– STRI has confirmed the differentiation of podocytes from nEPS.
– This discovery could enable STRI to move a step closer to making mini kidney using 3D podocyte spheroid for research of organoid.
Kidney Disease program
Kidney diseases are currently a global public health problem, with an incidence that has reached epidemic proportions and continues to rise world wide. These trends correlate with the global rise in the aged population and the increasing prevalence of conditions that cause renal complications, namely cardiovascular disease, hypertension, and diabetes. Research in regenerative medicine, with the ultimate aim of generating functional replacement kidney tissue, offers the potential for new therapeutic strategies to treat kidney disease.

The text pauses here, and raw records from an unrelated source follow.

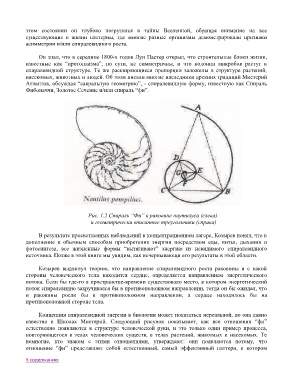 Рис. 1.2 Спираль “Фи” в раковине наутилуса (слева)
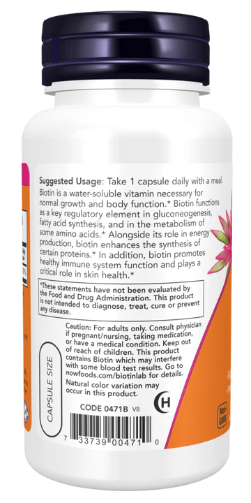 Biotin helps convert food into energy and supports the health of your hair, skin, nails, and nervous system. It is vital for keratin infrastructure and cellular metabolism.
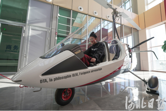 走进雄安高新区创新孵化器一楼大厅,一台Xeeleex二代自转旋翼机引人注目。
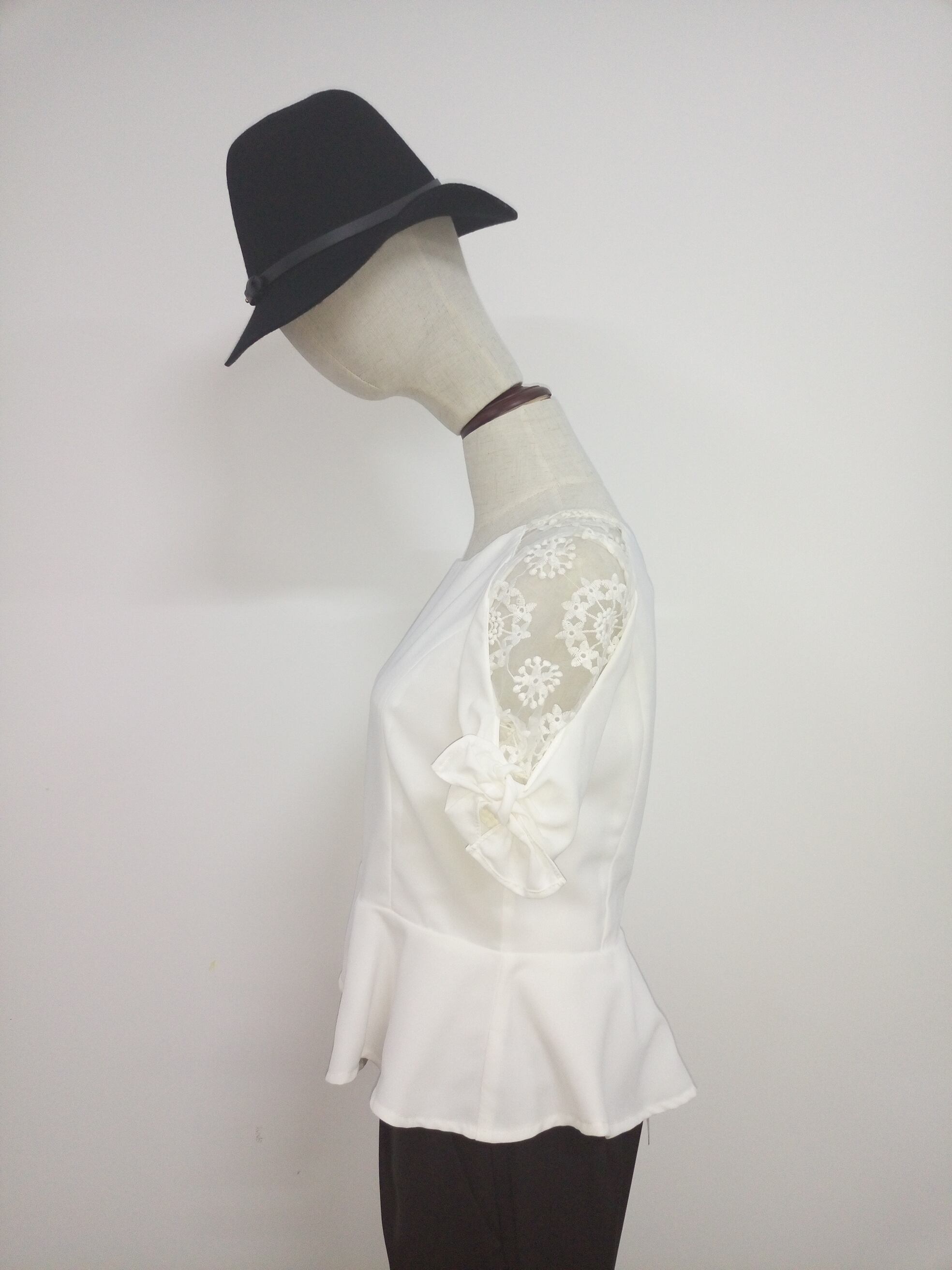 即納//ラブリー/ポイントリボン&シアーペプラムトップ

We have tried to differentiate kidney cells that have a rapid, efficient, and highly reproducible system to induce intermediate mesoderm cells from nEPS under precise, chemically defined, monolayer and 3D spheroid culture conditions.
We can make 3D spheroids of nEPS and then induce mesodermal cells for podocyte differentiation. In a mature differentiated state, human podocytes express proteins such as WT1, nephrin, synaptopodin, and podocin.

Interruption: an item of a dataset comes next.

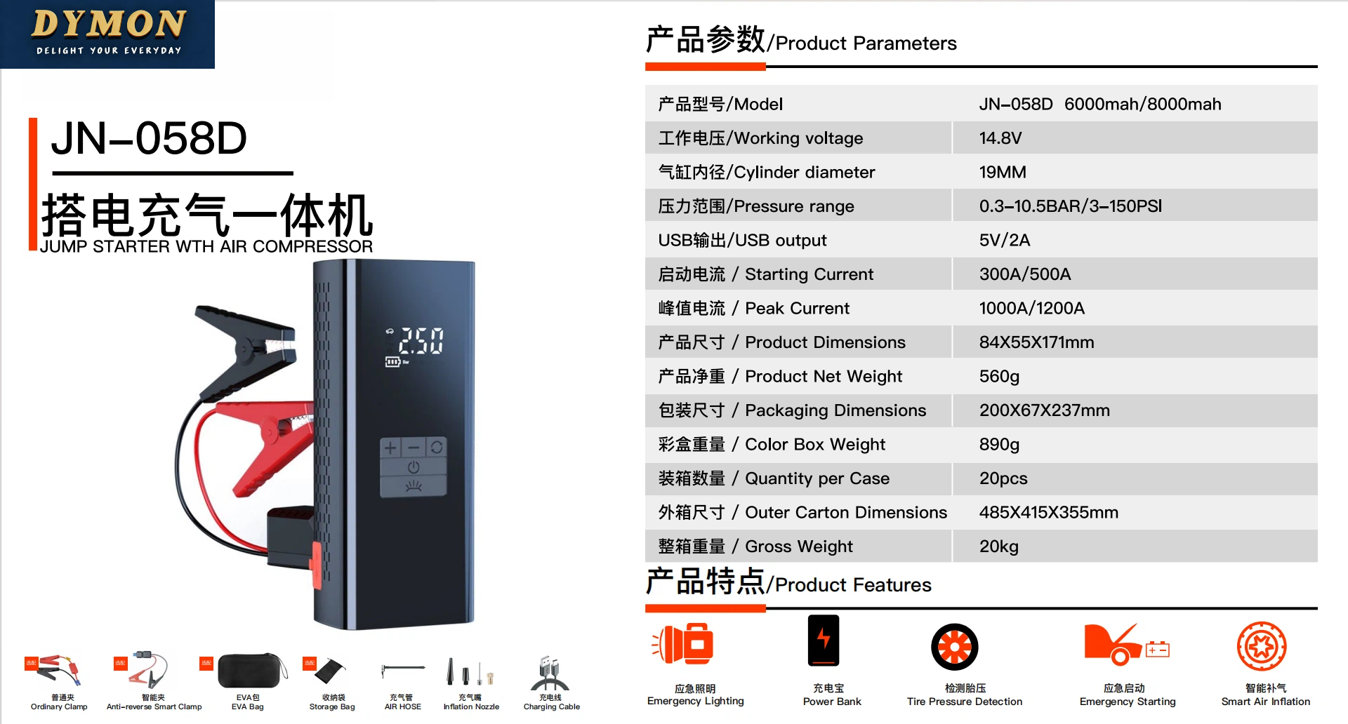 附加功能/Additional functions: lighting, tire pressure gauge, warning light, USB charging

The nEPS can be differentiated into podocyte cells and nEPS-derived podocyte cells can expressnephrin protein.
The progression of glomerular disorders leading to fibrosis and loss of function is dependent on the severity of podocyte injury and the capacity for tissue regeneration and podocyte replacement.
We should develop nEPS to nephron and renal tubule forming, which is a core structure in kidney tissue, and test differentiation into kidney precursor cells.
The establishment of this system will facilitate and improve the direct differentiation of nEPS into cells of the kidney lineage for the purposes of bioengineering kidney tissue and nEPS cell disease modeling.